One Billion Row Challenge (1BRC) in Python with Dask#
Last week Gunnar Morling launched the One Billion Row Challenge and it’s been fun to follow along. Though the official challenge is limited to Java implementations, we were inspired by an unofficial Python submission and have our own unofficial submission for Dask.
Dask Results#
We ran the challenge on an M1 Mac (8-core CPU, 16 GB memory). Dask came in at 32.8 seconds (± 2.43 seconds, averaged across 7 trials). Here’s our implementation:
from dask.distributed import Client
import dask.dataframe as dd
client = Client()
df = dd.read_csv(
"measurements.txt",
sep=";",
header=None,
names=["station", "measure"],
engine='pyarrow',
dtype_backend='pyarrow'
)
df = df.groupby("station").agg(["min", "max", "mean"])
df.columns = df.columns.droplevel()
df = df.sort_values("station").compute()
Dask is a general purpose Python library for parallel and distributed computing. It’s especially nice for handling large datasets that don’t fit into memory on your laptop. For tabular data, the syntax is designed to feel very similar to pandas, so it’s nearly a drop-in replacement.
Where Dask does well, though, is when handling hundreds of GB of data distributed across many machines. We were actually pleasantly surprised to see this level of performance on a single machine for only a 13 GB dataset. This is largely due to a number of recent improvements in Dask like Arrow strings, new shuffling algorithms, and query optimization (see Dask DataFrame is Fast Now for more details on these engineering efforts).
How does Dask compare?#
Amongst the other 1BRC Python submissions, Dask is pretty squarely in the middle. It’s faster than using Python’s multiprocessing (except for the PyPy3 implementation) and slower than DuckDB and Polars. This is not too surprising given Polars and DuckDB tend to be faster than Dask on a smaller scale, especially on a single machine.

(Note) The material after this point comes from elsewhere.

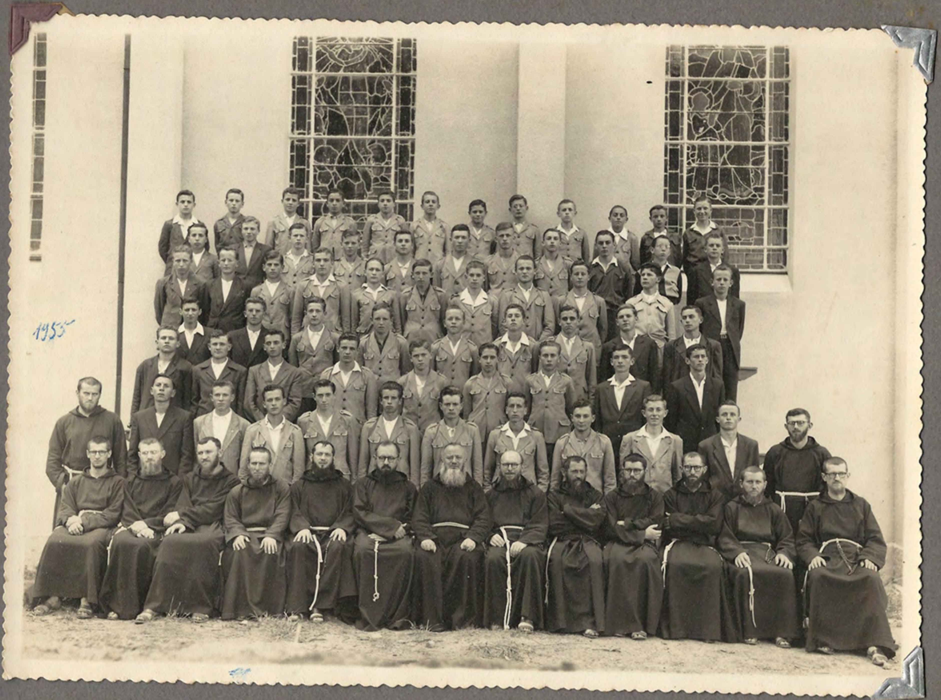
Uma das primeiras turmas que fez o tiro de guerra

We also ran the challenge for PySpark, which took ~2 minutes. We are by no means experts in this area though, and would welcome ideas for improvement. Here’s our implementation:
from pyspark.sql import SparkSession
from pyspark.sql.types import StructType, StructField, FloatType, StringType
spark = SparkSession.builder.master("local[*]").getOrCreate()
schema = StructType(
[
StructField("station", StringType(), True),
StructField("measure", FloatType(), True),
]
)
df = spark.read.options(delimiter=";", header=False).csv(
"repos/1brc/measurements.txt", schema=schema
)
df.createOrReplaceTempView("measurements")
query = """
SELECT station, MAX(measure) as max, MIN(measure) as min, AVG(measure) as mean
FROM measurements
GROUP BY station ORDER BY station;
"""
result = spark.sql(query).show()
TPC-H Benchmarks at Scale#
Digging a little deeper into Dask performance, we see most computation time is spent on I/O. Yes, this challenge is for fun! But a comparison predominantly based on which tool is faster at reading a CSV into memory does have its limitations. We thought we’d mention some other more meaningful performance comparisons.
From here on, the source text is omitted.